A collection of personal projects that i have worked on. A data(tail) of everything from basic cleaning data, to simple data exploration to predictive analytics. Feel free to share your feedback or even contribute (Github) 😄.

NYC Schools (R)

2021 | 02 | 01 Last compiled: 2021-07-21

This project analyzes the relationship between high school performance and the demographic makeup of schools in New York City. Additionally, a survey of parents, students and teachers perceptions on the quality of schools is analyzed and compared with actual performance.



Music Store (SQL & R)

2021 | 02 | 20 Last compiled: 2021-07-21

This project combines both R and SQLite to showcase the robustness of querying data from a database and visualizing observations in R. While some data cleaning and manipulation can and will be done using query language (SQLite), majority of the data work will be done using R.



USA Seafood (R)

2021 | 03 | 10 Last compiled: 2021-07-21

This project takes a glimpse at Seafood industry in the USA. As more people are opting against red meat diet for plant based and sea food, this might be a good time to analyze aquatic food sources. The environmental impact of industrialized red meat production and health concerns has made sea food a favourable alternative diet also termed as “pescatarian diet”.

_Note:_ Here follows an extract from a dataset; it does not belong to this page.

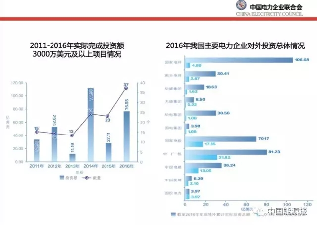 行業(yè)報(bào)告顯示,2016年,大型電力企業(yè)對(duì)外投資項(xiàng)目、新簽對(duì)外承包及年底在建合同額均較上年有所增長(zhǎng)?!耙粠б宦贰背蔀橥顿Y亮點(diǎn)。我國(guó)電力企業(yè)已在52個(gè)“一帶一路”沿線國(guó)家開(kāi)展投資業(yè)務(wù)和項(xiàng)目承包工程,其中大型承包項(xiàng)目120個(gè)、涉及國(guó)家29個(gè)、合同金額275億美元。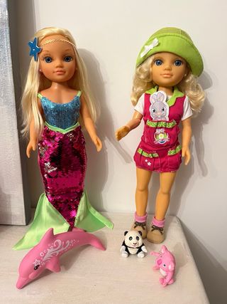 Dos muñecas Nancy, una vestida de sirena y otra de campamento. - Muñeca sirena con top brillante y cola de lentejuelas. - Muñeca de campamento con mono rosa y sombrero verde. - Cada muñeca 15 las dos por 25

This project analyzes two things: how environmentally sustainable is seafood? e.g. is there over-fishing occurring?

Another aspect is: does seafood pack the nutrients to replace meat based diet?



Baseball Database (SQL & R)

2021 | 03 | 28 Last compiled: 2021-07-21

This project about utilizing the power of SQL to create a database out of several Excel CSV files that exist individually. The goal is to create a database that will house the several CSV files under one roof. This includes creating a database Schema, linking the tables with primary keys and foreign keys. This project will look at Baseball, America’s favorite past time. It looks at game information and stats from a record of over 170,000 games. The games are are chronologically ordered and occur between 1871 and 2016.



Spam Filter (ML)

2021 | 04 | 05 Last compiled: 2021-07-21

This project utilizes the Naives Bayes Theorem to create a spam filter for text messages. This machine learning process will be trained, tested and validated on a dataset of 5,574 SMS messages that have already been classified. The goal is to have an algorithm that can accurately detect spam messages from incoming stream of texts.



Fitness Tracking (R)

2021 | 04 | 17 Last compiled: 2021-07-21

This project looks at my past 6 months in Germany, under a pandemic lockdown. Utilizing data from my FitBit collected between October 2020 and March 2021, i explore visually how the pandemic might have affected my activity, sleep and heart rate.



Movie Ratings (R)

2021 | 05 | 05 Last compiled: 2021-07-21

This project explores various movie rating websites. From web scraping techniques to extract data from the websites to cleaning and manipulating the data and finally visualizing the data. I analyze the transparency, consistency and variation in movie ratings on these sites.



Mental Health (SQL & ML)

2021 | 05 | 20 Last compiled: 2021-07-21

This project looks into how mental health can be predicted using predictors such as age, family history and gender. I tried to see if remote working (before the pandemic) would also be a predictor of the mental health of the respondents (working in the tech industry). Employing Logistic Regression, Decision Tree and Random Forest techniques to train and test models to predict mental health of respondents.